About a year ago, and not uncommon to most artists in NYC, the tendrils of self-doubt began to wind their way around my throat. Looking at a poor man’s future and browsing websites of all the clothes that I could rock the shit out of but couldn’t afford, I was inspired to become a graphic designer— which is even more not uncommon to most artists in NYC. Thankfully that only lasted two months, but this was the dude who inspired me. I was walking through MoMa and stumbled across an exhibit on Tokyo avant-garde, and saw Tadanori Yokoo’s incredible posters that were exploding off the walls with colors and patterns, a giant middle finger to the trend of minimalist fonts and designs. He calls it “a rebellious approach to Modernist aesthetics.”
Tadanori Yokoo was born in 1936 Japan. If you think about the post-WW2 world he grew up in, it’s easy to see how his surroundings shaped his art. While I hate to critique and inject symbolism into an artist’s work, I feel like (here I go) there’s a struggle of pride and shame, with western influences interspersed.
This was not the first time his presence graced this museum. Apparently he was such a boss that in 1972, he was the first living graphic designer to get a solo exhibition at MoMa for his designs.
I think it’s his mastery that really stood out to me from a lot of other pieces of art in MoMa. Modern art is very conceptual, and Tadanori takes an extremely classic form of the hyper-symmetrical poster and then executes his vision with next-level technique.

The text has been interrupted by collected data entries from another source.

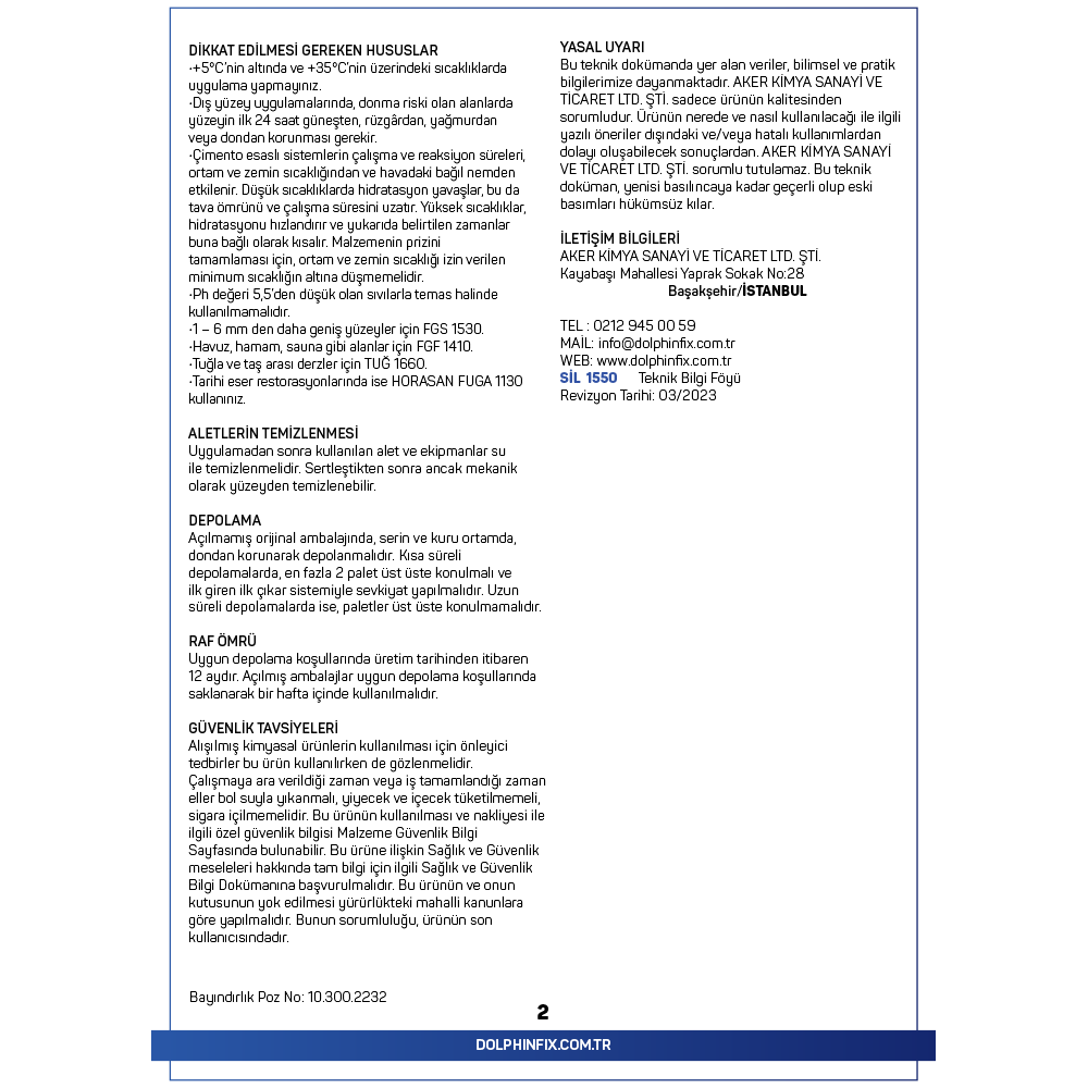 TANIMI: SİL 1550, çimento esaslı, yüksek performanslı, suya karşı yüksek dirençli, silikon katkılı derz dolgu harcı.
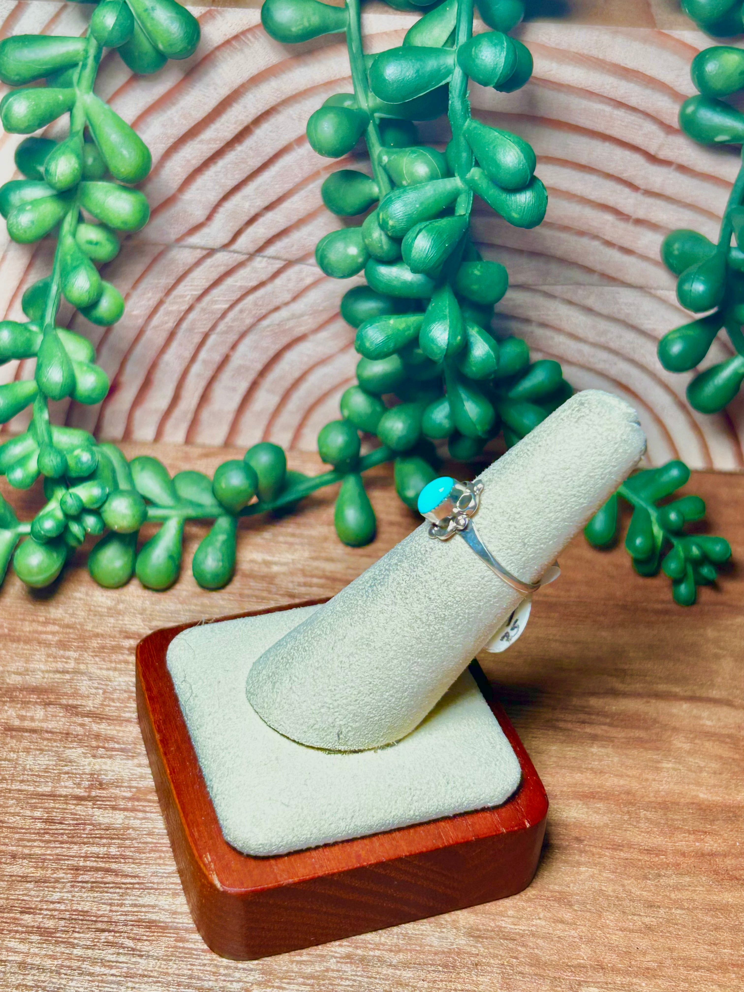 Navajo Made Kingman Turquoise & Sterling Silver Ring Size 5.5. It measures 1/2 of an inch long and just over 1/4 of an inch wide. Signed by the artist and stamped sterling silver.
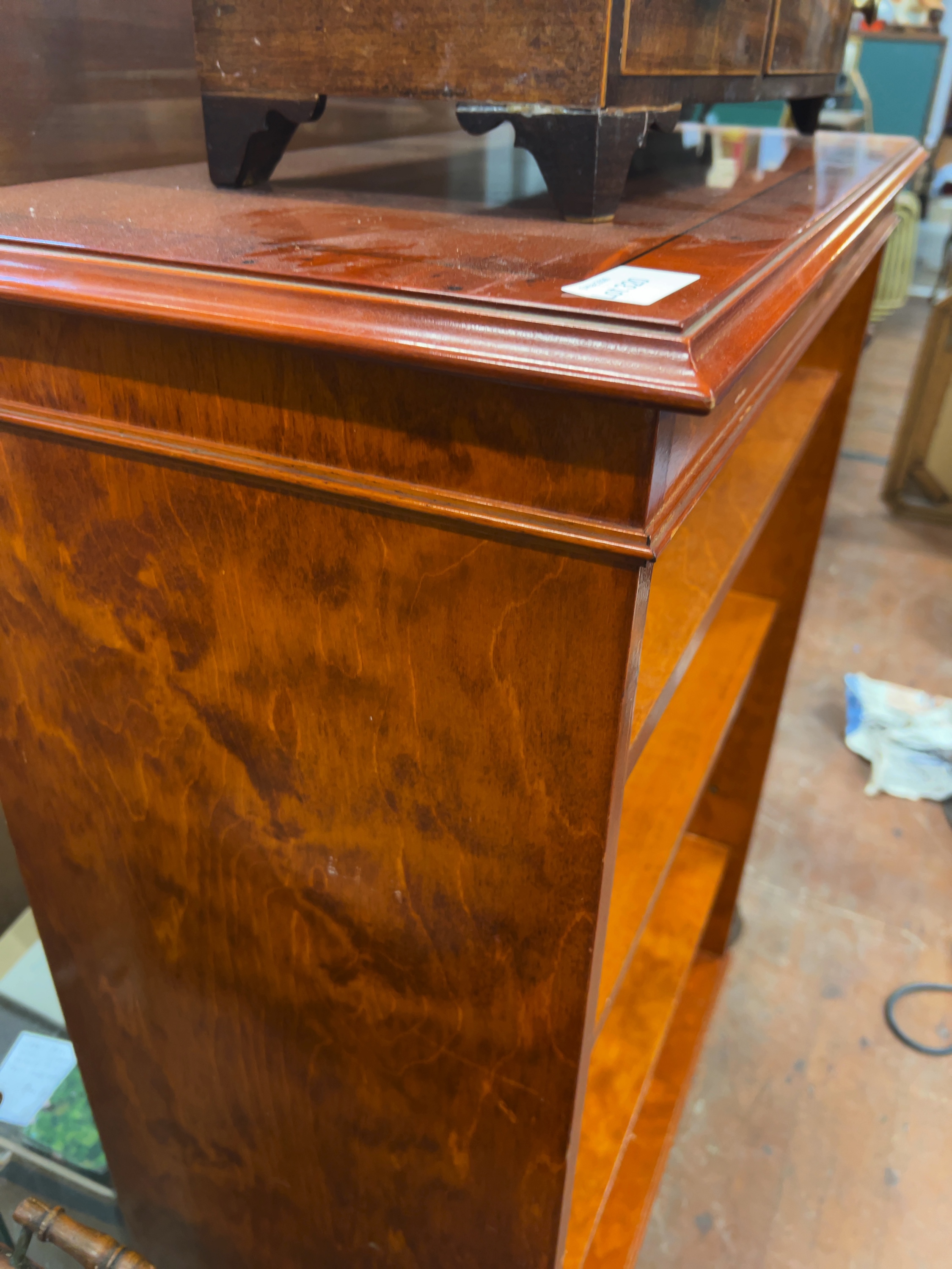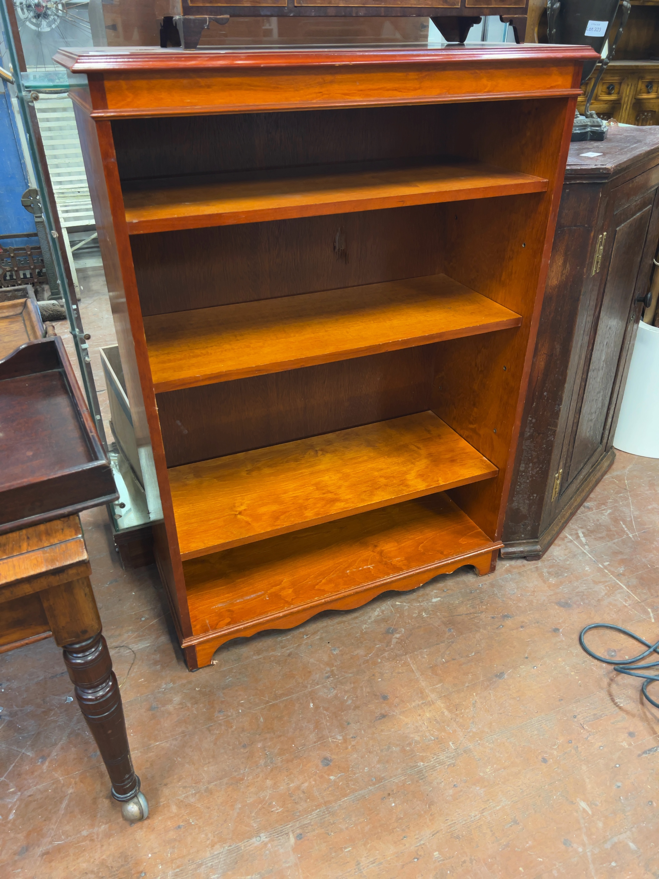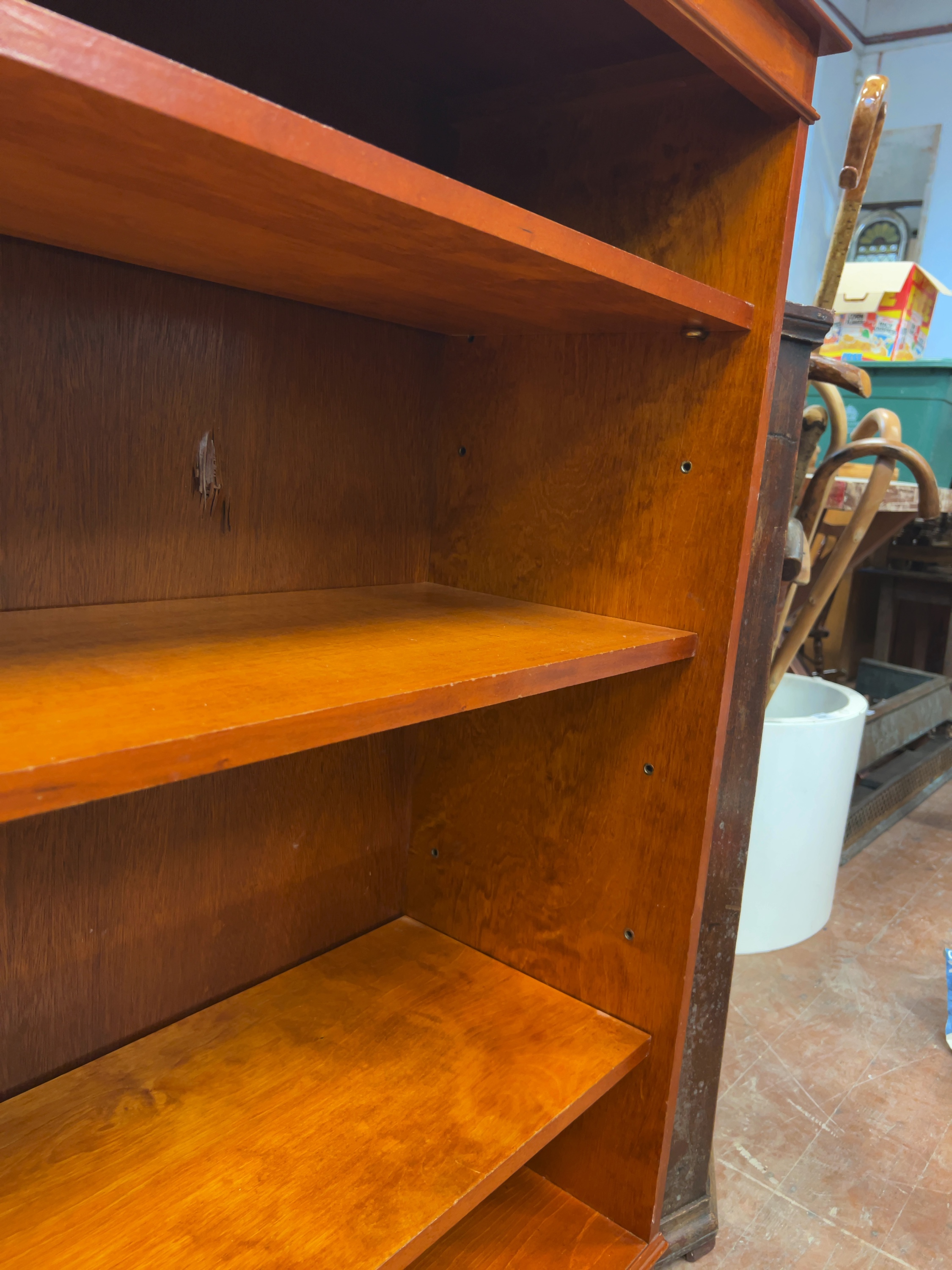 The item shows general signs of use and surface wear consistent with age. There is a notable vertical scratch or gouge to the interior back panel, located behind the second shelf from the top. A small white adhesive label is present on the top right side of the cornice.
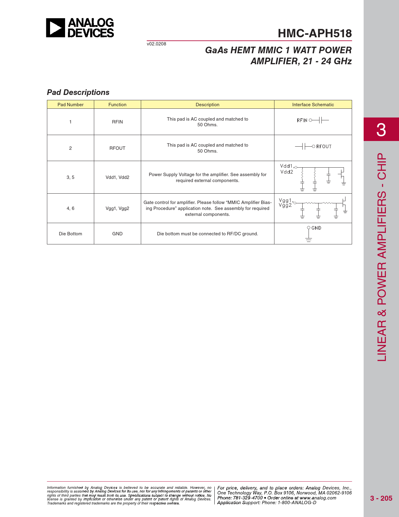 HMC-APH518. GaAs HEMT MMIC 1 WATT POWER. AMPLIFIER, 21 - 24 GHz. Pad Descriptions. 3 - 205
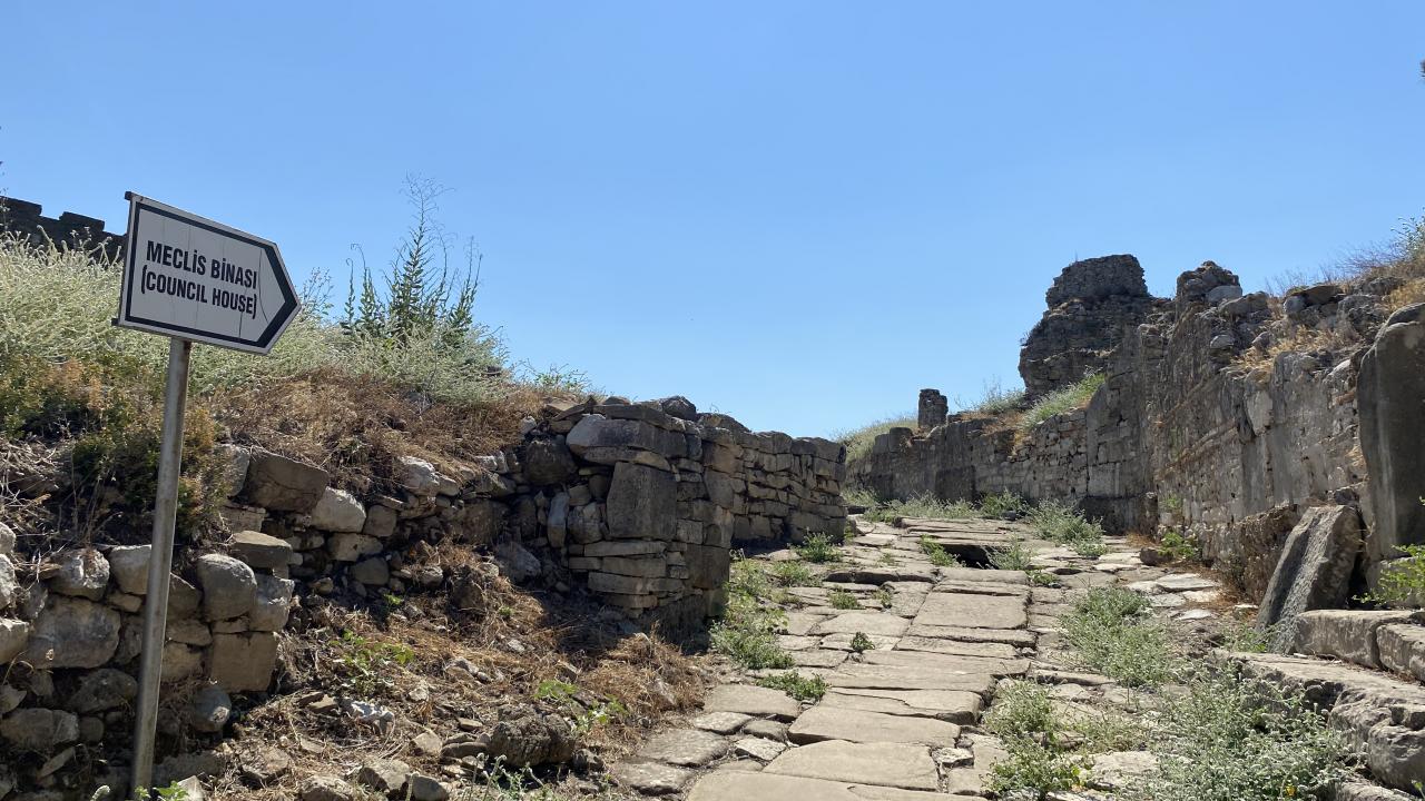 Tiyatronun yaslandığı, yer yer sur duvarları ile çevrili tepenin üzerinde ise kent merkezinin yapıları olan agora, bazilika, anıtsal çeşme, meclis binası ile anıtsal tak, cadde ve Helenistik tapınak bulunuyor.
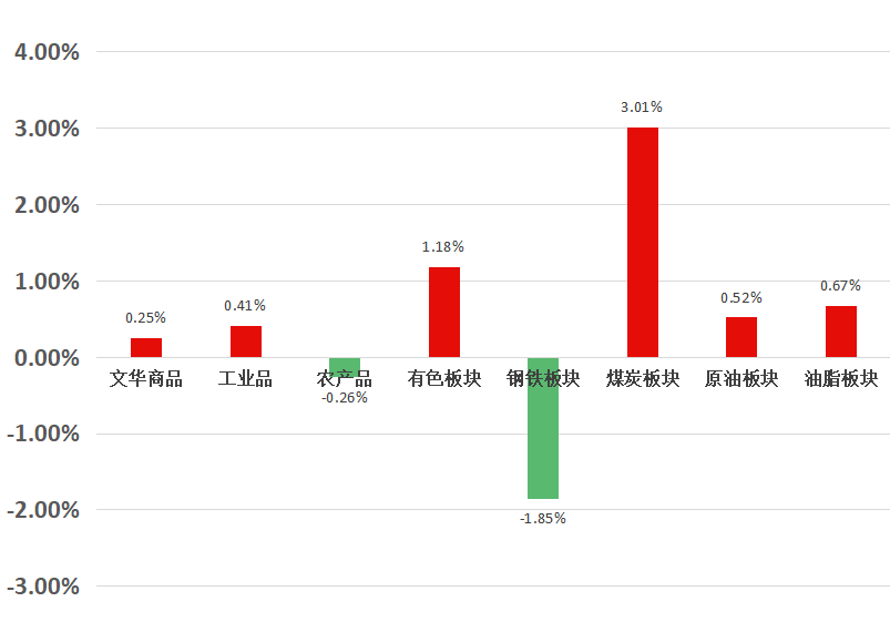 文华商品上涨0.25%,工业品上涨0.41%,农产品下跌0.26%,有色板块上涨1.18%,钢铁板块下跌1.85%,煤炭板块上涨3.01%,原油板块上涨0.52%,油脂板块上涨0.67%。
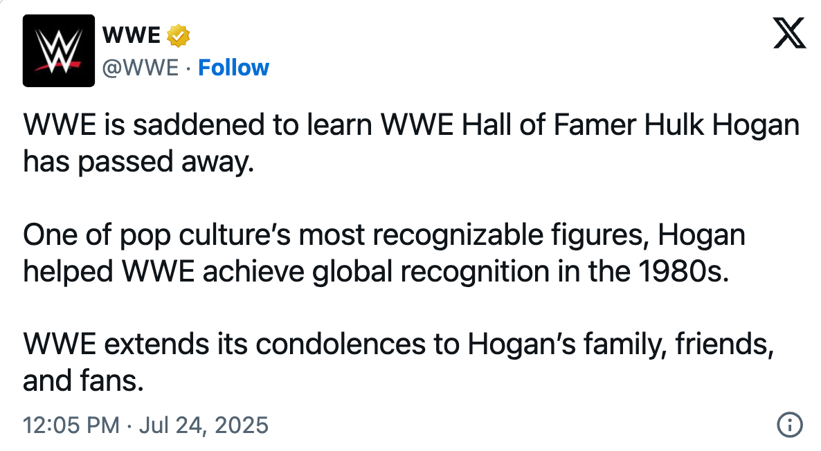 “WWE is saddened to learn WWE Hall of Famer Hulk Hogan has passed away,” wrote WWE in a post on X. “One of pop culture’s most recognizable figures, Hogan helped WWE achieve global recognition in the 1980s. WWE extends its condolences to Hogan’s family, friends, and fans.”
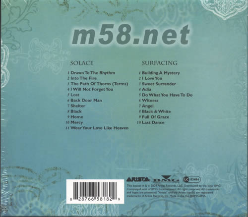 價格為估,以實到貨為準! SOLACE & SURFACING(m58.net) 詳情參數請點看產品正、背面大圖 三座葛萊美獎、五座朱諾獎得主,專輯創下百萬銷量的加拿大創作才女Sarah mclachlan第二張個人專輯。收錄其早期最經典曲目《Drawn to the rhytnm》、《Into the fire》等,復古的Alternative rock風情、對原始旋律最純情的詮釋,讓你欣賞到這位歌壇宿將最青春、最率真的音樂形象。本輯的推出樹立了她在加拿大本土樂壇的天后地位。

There’s a sea of art these days that is great in concept but fails in execution and I felt for a second when I saw this that I found land.
I wish I could do more research on him and provide a more in-depth understanding, but nahhh, I’m not getting paid for this. I think this nice lady did just that though, and it’s very sexily packaged.
Here’s a nice little interview with Tadanori Yokoo and a survey in the The Japan Times of his life and later departure from design and shift towards painting. He’s 77 now.
Oh and I never followed through on becoming a graphic designer, but that’s not Tadanori’s fault, that’s totally on me.